WORK TO BE COMPLETED: Below are the entries. Print only the lines starting at the one with "Rosetten bis 12" and ending at the one with "每个章节又分为普通和困难两种", exactly, with no pictures.

DATASET CONTENT:
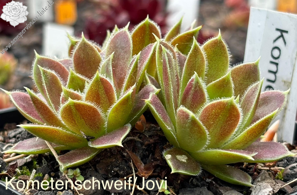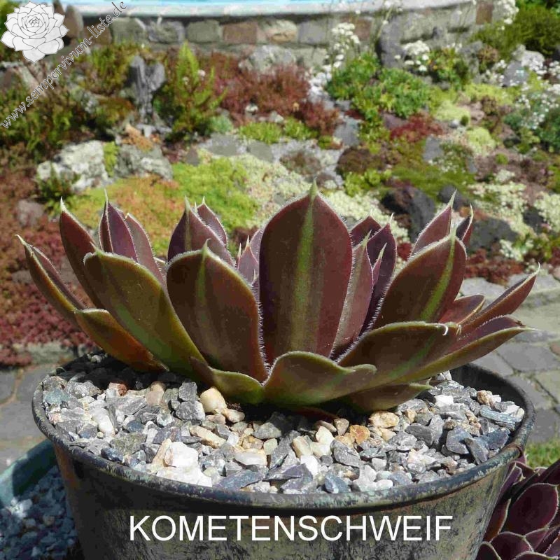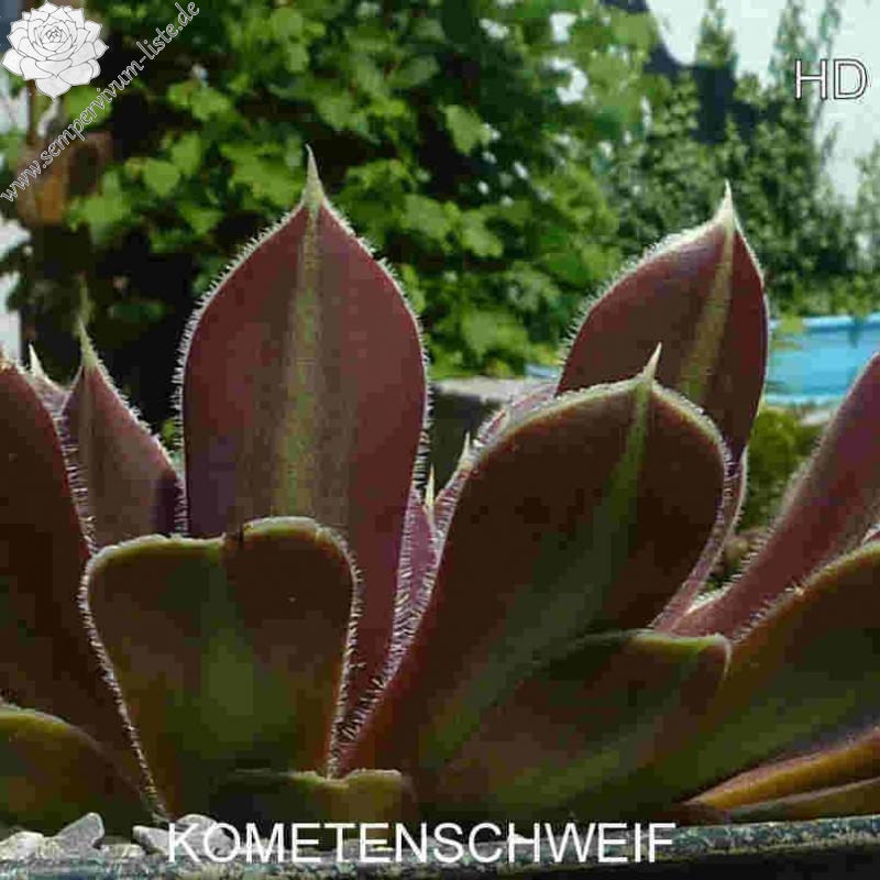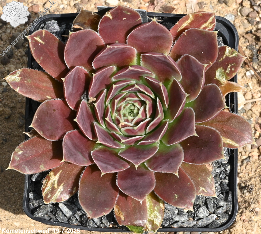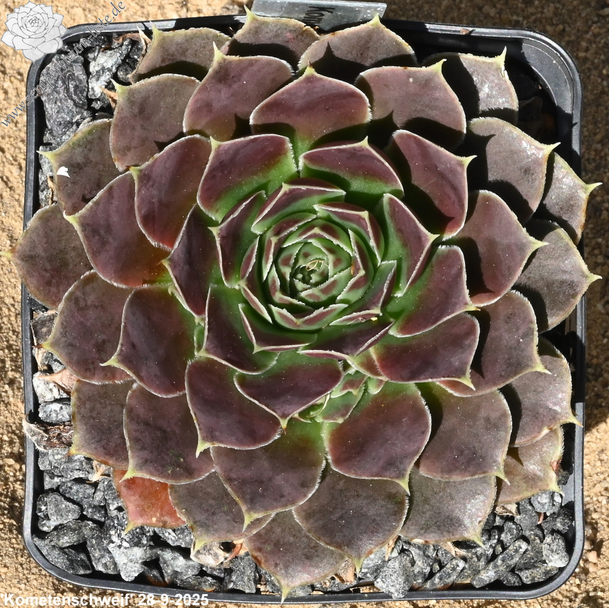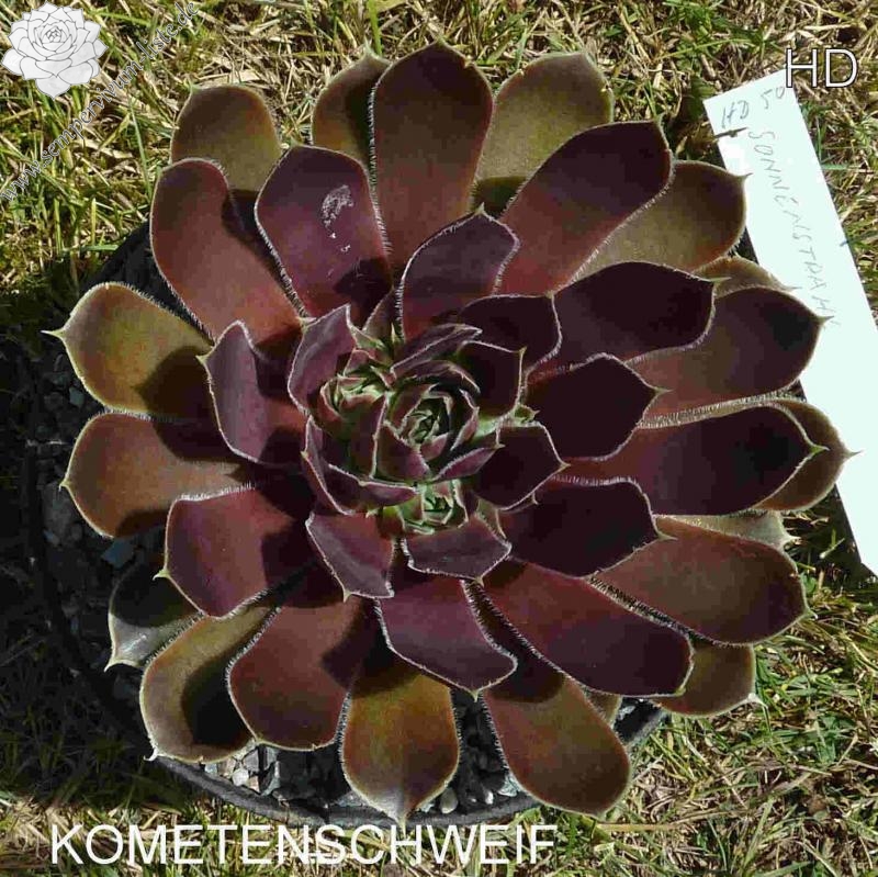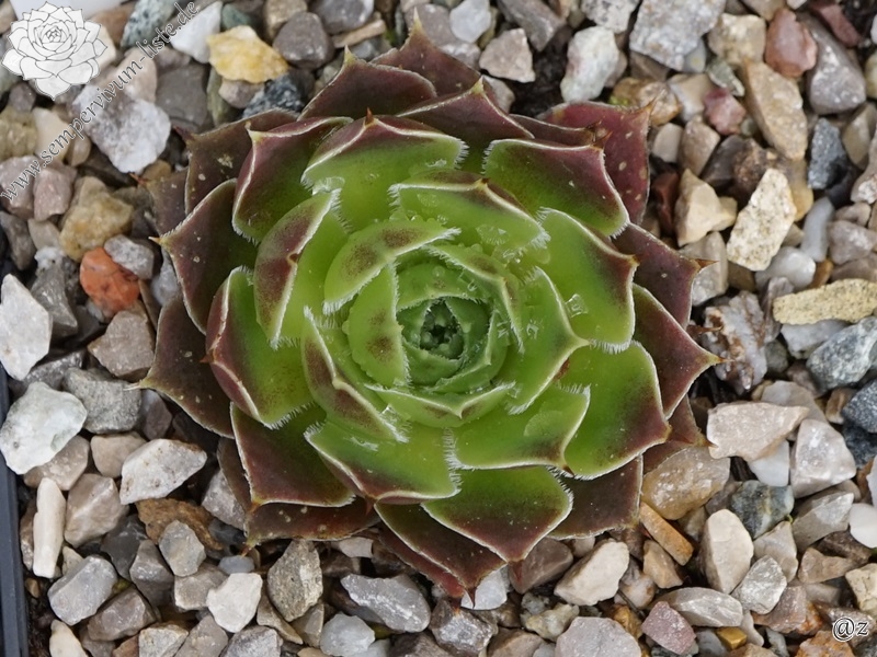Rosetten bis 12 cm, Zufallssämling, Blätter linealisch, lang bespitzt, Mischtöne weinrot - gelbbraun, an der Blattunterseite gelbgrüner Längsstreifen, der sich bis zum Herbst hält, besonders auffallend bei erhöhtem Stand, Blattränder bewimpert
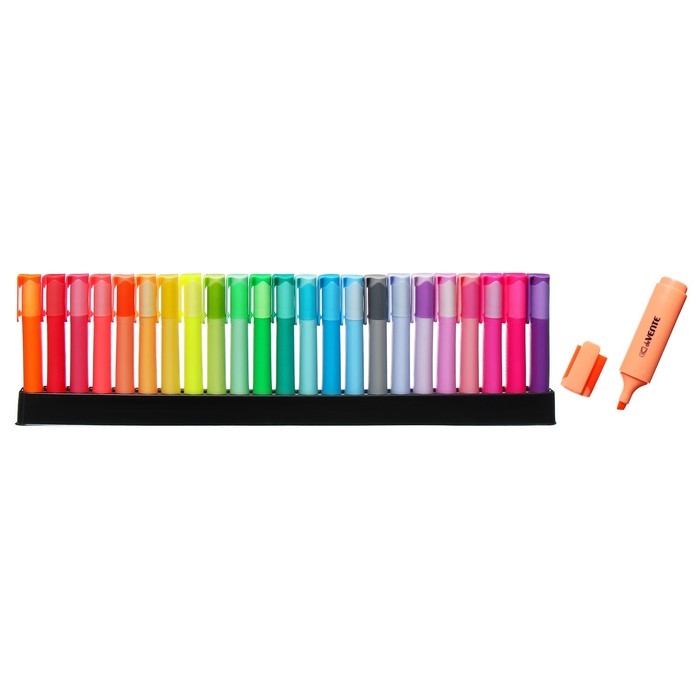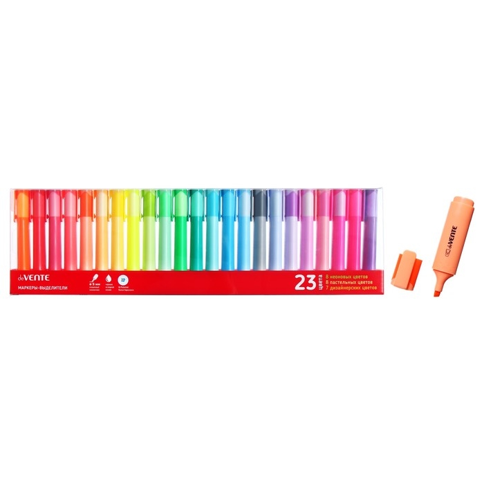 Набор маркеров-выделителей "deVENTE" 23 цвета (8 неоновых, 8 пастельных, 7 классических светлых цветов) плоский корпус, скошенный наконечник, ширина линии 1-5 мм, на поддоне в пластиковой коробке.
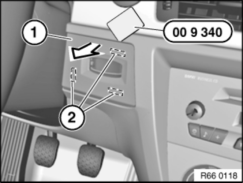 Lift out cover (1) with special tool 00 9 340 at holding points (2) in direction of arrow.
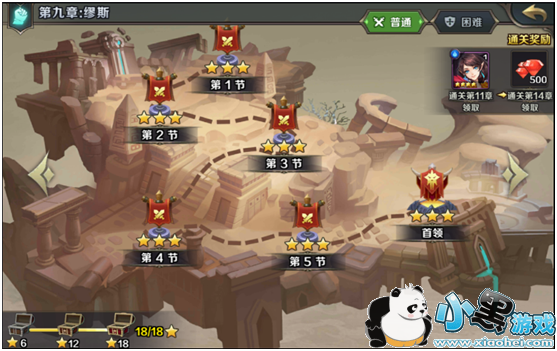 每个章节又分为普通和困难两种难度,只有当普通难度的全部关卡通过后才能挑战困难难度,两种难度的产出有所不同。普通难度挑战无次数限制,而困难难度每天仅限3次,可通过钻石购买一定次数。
* * *
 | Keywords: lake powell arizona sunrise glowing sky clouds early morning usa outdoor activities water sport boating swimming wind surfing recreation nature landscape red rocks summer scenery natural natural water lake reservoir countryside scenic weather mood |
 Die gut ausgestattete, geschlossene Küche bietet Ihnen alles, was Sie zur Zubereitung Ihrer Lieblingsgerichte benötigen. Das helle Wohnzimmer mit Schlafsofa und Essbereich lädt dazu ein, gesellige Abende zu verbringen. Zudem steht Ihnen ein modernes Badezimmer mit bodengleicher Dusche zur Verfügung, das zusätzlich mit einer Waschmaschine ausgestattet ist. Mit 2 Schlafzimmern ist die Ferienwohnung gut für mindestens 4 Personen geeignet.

ANSWER TO THE EXERCISE:
Rosetten bis 12 cm, Zufallssämling, Blätter linealisch, lang bespitzt, Mischtöne weinrot - gelbbraun, an der Blattunterseite gelbgrüner Längsstreifen, der sich bis zum Herbst hält, besonders auffallend bei erhöhtem Stand, Blattränder bewimpert
 Набор маркеров-выделителей "deVENTE" 23 цвета (8 неоновых, 8 пастельных, 7 классических светлых цветов) плоский корпус, скошенный наконечник, ширина линии 1-5 мм, на поддоне в пластиковой коробке.
 Lift out cover (1) with special tool 00 9 340 at holding points (2) in direction of arrow.
 每个章节又分为普通和困难两种难度,只有当普通难度的全部关卡通过后才能挑战困难难度,两种难度的产出有所不同。普通难度挑战无次数限制,而困难难度每天仅限3次,可通过钻石购买一定次数。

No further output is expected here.